بِسۡمِ ٱللَّهِ ٱلرَّحۡمَٰنِ ٱلرَّحِيمِ
بَلۡ قَالُواْ مِثۡلَ مَا قَالَ ٱلۡأَوَّلُونَ ٨١
Hayır, o Mekke kâfirleri, evvelkilerin dediği gibi dediler.
قَالُوٓاْ أَءِذَا مِتۡنَا وَكُنَّا تُرَابٗا وَعِظَٰمًا أَءِنَّا لَمَبۡعُوثُونَ ٨٢
Şöyle demişlerdi: “- Biz ölüb de bir toprak ve bir yığın kemik olduğumuz zaman mı, cidden biz mi diriltilmiş olacağız?
لَقَدۡ وُعِدۡنَا نَحۡنُ وَءَابَآؤُنَا هَٰذَا مِن قَبۡلُ إِنۡ هَٰذَآ إِلَّآ أَسَٰطِيرُ ٱلۡأَوَّلِينَ ٨٣
Yemin ederiz ki, bize de atalarımıza da bu dirilme işi bundan önce vaad olundu. Bu, eskilerin masallarından başka bir şey değil.”
قُل لِّمَنِ ٱلۡأَرۡضُ وَمَن فِيهَآ إِن كُنتُمۡ تَعۡلَمُونَ ٨٤
(Ey Rasûlüm, Mekke kâfirlerine) de ki: “- Kimin o arz ve ondaki bütün varlıklar, biliyor musunuz?”
سَيَقُولُونَ لِلَّهِۚ قُلۡ أَفَلَا تَذَكَّرُونَ ٨٥
Onlar diyecekler ki: “- Allah’ındır.“ Sen, de ki: “- O halde düşünüb Allah’ın kudretini anlamaz mısınız?”
قُلۡ مَن رَّبُّ ٱلسَّمَٰوَٰتِ ٱلسَّبۡعِ وَرَبُّ ٱلۡعَرۡشِ ٱلۡعَظِيمِ ٨٦
Yine de ki: “- O yedi göğün Rabbi kim?

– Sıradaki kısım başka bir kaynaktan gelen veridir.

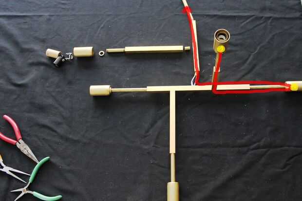 Y ahora Repita para el otro colgante, que fue mucho más rápido! Cuando lo han hecho, temporalmente alambré el colgante a un enchufe de pared, sólo para asegurarse de que funcionaba antes de instalar en el techo. ¡ Hurra.

O çok büyük arşın Rabbi kim?”
سَيَقُولُونَ لِلَّهِۚ قُلۡ أَفَلَا تَتَّقُونَ ٨٧
“-Allah’ındır” diyecekler, De ki: “- O halde Allah’dan korkmaz mısınız?” (Allah’dan başkasına nasıl tapınırsınız?)
قُلۡ مَنۢ بِيَدِهِۦ مَلَكُوتُ كُلِّ شَيۡءٖ وَهُوَ يُجِيرُ وَلَا يُجَارُ عَلَيۡهِ إِن كُنتُمۡ تَعۡلَمُونَ ٨٨
De ki: “- Her şeyin mülkiyet ve hazineleri elinde olan kimdir ki, daima O koruyub hükmediyor, kendisi asla korunmaya muhtaç olmuyor? Eğer biliyorsanız, cevab verin.”
سَيَقُولُونَ لِلَّهِۚ قُلۡ فَأَنَّىٰ تُسۡحَرُونَ ٨٩
Yine “-Allah’ındır” diyecekler. Onlara de ki: “- O halde nereden aldatılıyorsunuz (da hakkı inkâr, ediyorsunuz)?”
بَلۡ أَتَيۡنَٰهُم بِٱلۡحَقِّ وَإِنَّهُمۡ لَكَٰذِبُونَ ٩٠
Doğrusu biz, onlara, hakkı (tevhîdi) getirdik. Şüphesiz onlar, (Allah çocuk edindi, melekler kızlarıdır sözlerinde) yalancıdırlar.
مَا ٱتَّخَذَ ٱللَّهُ مِن وَلَدٖ وَمَا كَانَ مَعَهُۥ مِنۡ إِلَٰهٍۚ إِذٗا لَّذَهَبَ كُلُّ إِلَٰهِۭ بِمَا خَلَقَ وَلَعَلَا بَعۡضُهُمۡ عَلَىٰ بَعۡضٖۚ سُبۡحَٰنَ ٱللَّهِ عَمَّا يَصِفُونَ ٩١
Allah, hiç evlâd edinmemiştir, beraberinde bir ilâh da yoktur. Eğer müşriklerin dediği gibi, Allah’la beraber bir takım ilâhlar olsaydı, o takdirde her ilâh kendi yarattığını götürür, tek başlarına kalarak aralarında ayrılıklar baş gösterir ve bir kısmı diğerlerine üstün gelirdi. (Bu çekişme ve savaşlar olmadığına göre Allah’ın eşi ve ortağı yoktur.) Allah, onların isnad ettiği şirk vasıflarından (ve bütün noksanlıklardan) münezzehtir.